The Deputy Secretary-General of the United Nations, Amina J. Mohammed, stated this at the Award Ceremony of the Leadership Newspaper, in Abuja, last Thursday.
Mohammed noted that sixty per cent of the world’s best solar resources are on this continent adding that by 2040, Africa could generate ten times more electricity than it needs, and entirely from renewables.
Mohammad regretted that Africa now receives just two per cent of global clean energy investment saying, “And here in Nigeria, more than 86 million people still have no access to electricity at all.”
Expressing concerns over the large population of Nigerians living without access to electricity, the deputy scribe, said however, that Nigeria is responding to this challenge the right way insisting that under President Tinubu’s leadership, Nigeria has developed a best-in-class action plan for climate, one that treats climate not as a constraint but as an engine for growth.

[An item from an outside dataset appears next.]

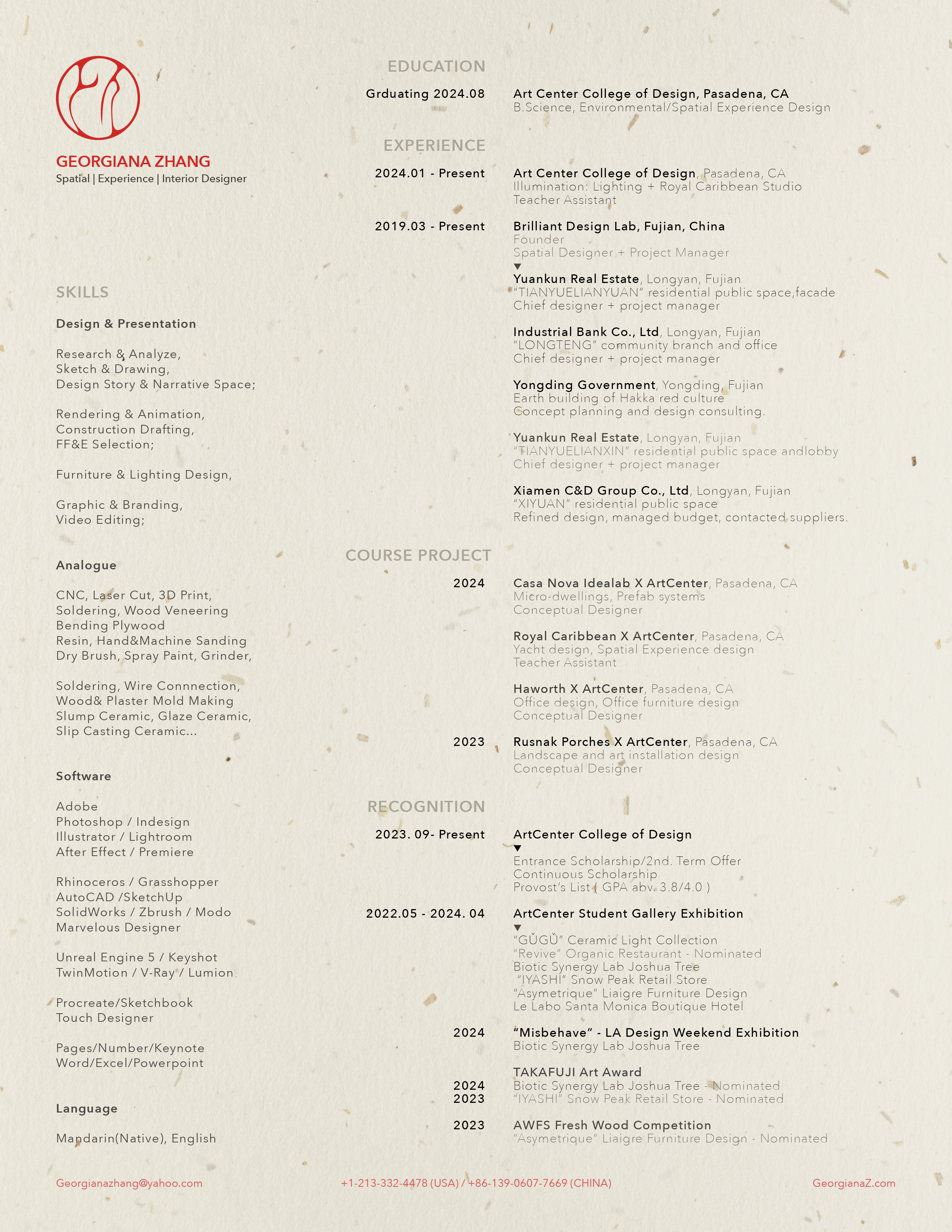 A spatial experience/interior designer influenced by traditional Chinese culture. She pursues an aesthetic philosophy of spirituality and elegance.

According to her, by placing energy access, climate-smart agriculture, clean cooking, and water management at the heart of its development agenda, Nigeria is showing what serious climate leadership looks like but Nigeria cannot close the climate action gap alone.
 “Developed countries must the triple adaptation financing, we need for serious contributions to the Loss and Damage Fund, and mobilize 300 billion dollars per year by 2035 for developing countries to succeed. Early warning systems need to reach everyone, so that communities have the means to prepare for climate shocks before they hit.
“And as Africa drives the global renewables revolution, including through its critical minerals, Africans must be the first and primary beneficiaries of the wealth that they generate”, Mohammed stated.